Can it be lazily allocated by doing something like `open(); seek(2146435072); write("\0");`. Is a sparse file required to return "0" when reading empty places? (or does it just happen very often)

ynniv · on March 1, 2010

Several comments on the article suggest using sparse files. I suspect that this completely defeats the purpose of pre-allocating space. The initialization would be fast, but the time savings would return as a probably larger penalty amortized over the runtime in a non-obvious way. The only way to really know would involve performance testing the operation of a similarly sized database restored under both conditions on fresh drives.

jbellis · on March 1, 2010

> I suspect that this completely defeats the purpose of pre-allocating space.

There are two reasons to preallocate. One is so that you can get by with fdatasync rather than full fsync (that is, you don't have to sync file metadata as well, which is usually an extra seek; file length is the most commonly changed part of "metadata").

The other is to use mmap, since you can't change the size of an mmap'd file. This is the only part that mongodb cares about, since they never fsync.
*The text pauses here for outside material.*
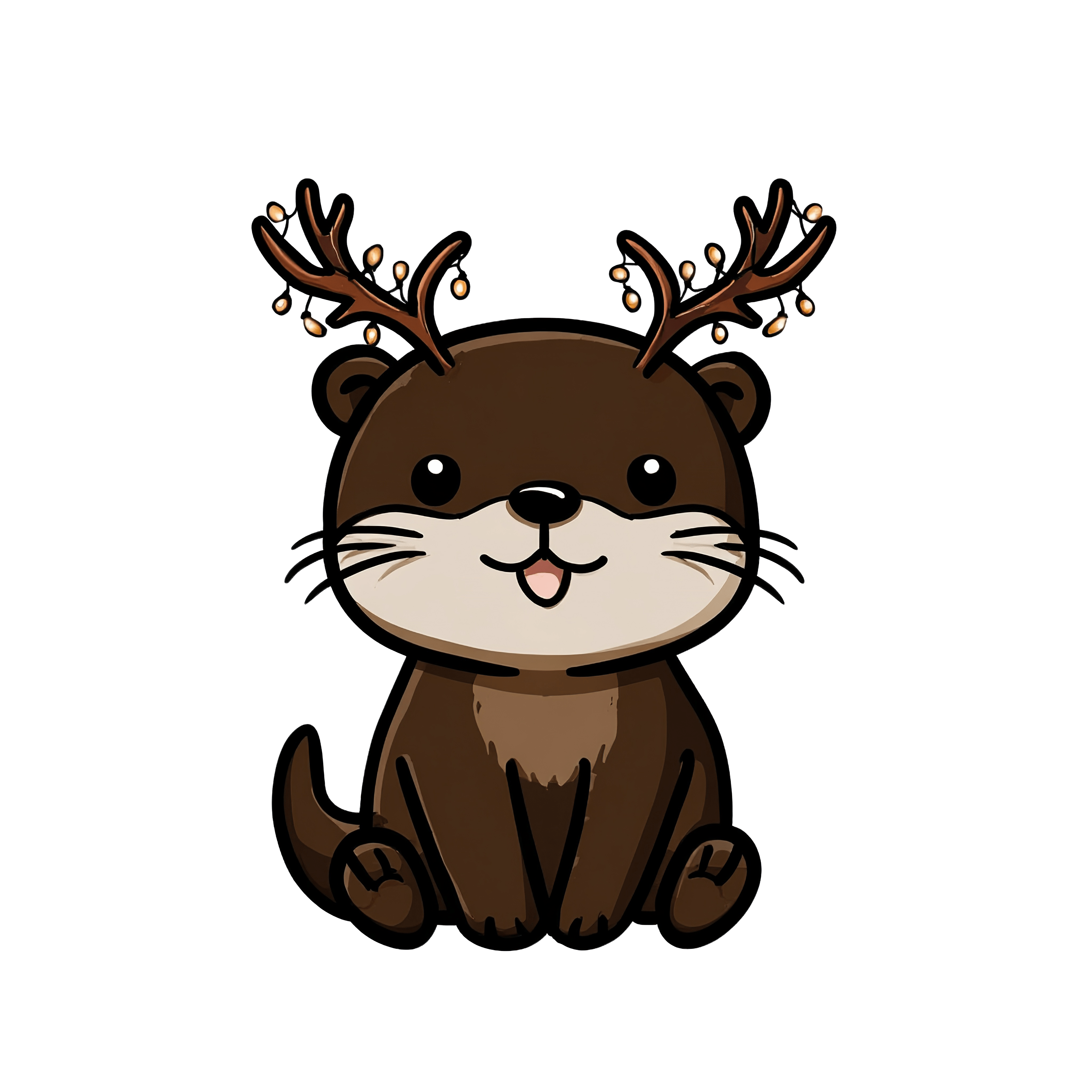 Brown otter with distinctive antlers, detailed facial features, and slight shading, sitting upright. Simple lines and vibrant colors highlight the design. Antlers are adorned with small ornamental bulbs, adding a whimsical touch.

There may be reasons to mmap a sparse file but I can't think of any.

ynniv · on March 1, 2010

There may be reasons to mmap a sparse file but I can't think of any.

It sounds like you understand the forces at work here, but I am confused by your statements. Do you think that "pre-allocating" a sparse file is a valid alternative to writing 2GB of zeros to disk in this case?

mikebo · on March 1, 2010

Very interesting that they have 17,810 collections (aka tables). I wonder if it is common w/ MongoDB to design a data model in this way? Anybody have more info on this tradeoff vs. a smaller but larger size collections?
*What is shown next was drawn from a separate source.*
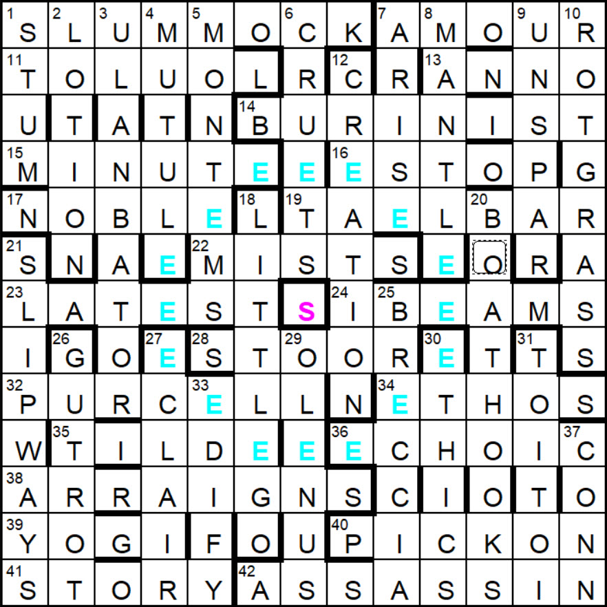 Filled the grid bar three in the bottom right, then ran out of time and didn’t google the very unpromising looking letters. So it’s wonderful to see now just how intricate the construction really was. Can’t believe in retrospect I didn’t spot the pattern the rescheduled ‘e’s were making in the grid.

dmytton · on March 1, 2010

I've commented on this here: http://blog.boxedice.com/2010/02/28/notes-from-a-production-...

Essentially this decision was due to the disk space requirements because of the way MongoDB allocates files for each DB.

There are no performance tradeoffs for using lots of collections. See http://www.mongodb.org/display/DOCS/Using+a+Large+Number+of+...

mikebo · on March 1, 2010

I'm actually not advocating for a database per customer. I was more wondering why you have so many collections -- surely they're not all representing different logical data. My guess is that you create some number of collections per customer?

With the new built-in sharding support, couldn't you have a 'customer_id' field and collapse many of those collections into larger collections, then shard by 'customer_id'? I'm just trying to understand tradeoff between these two types of schemas.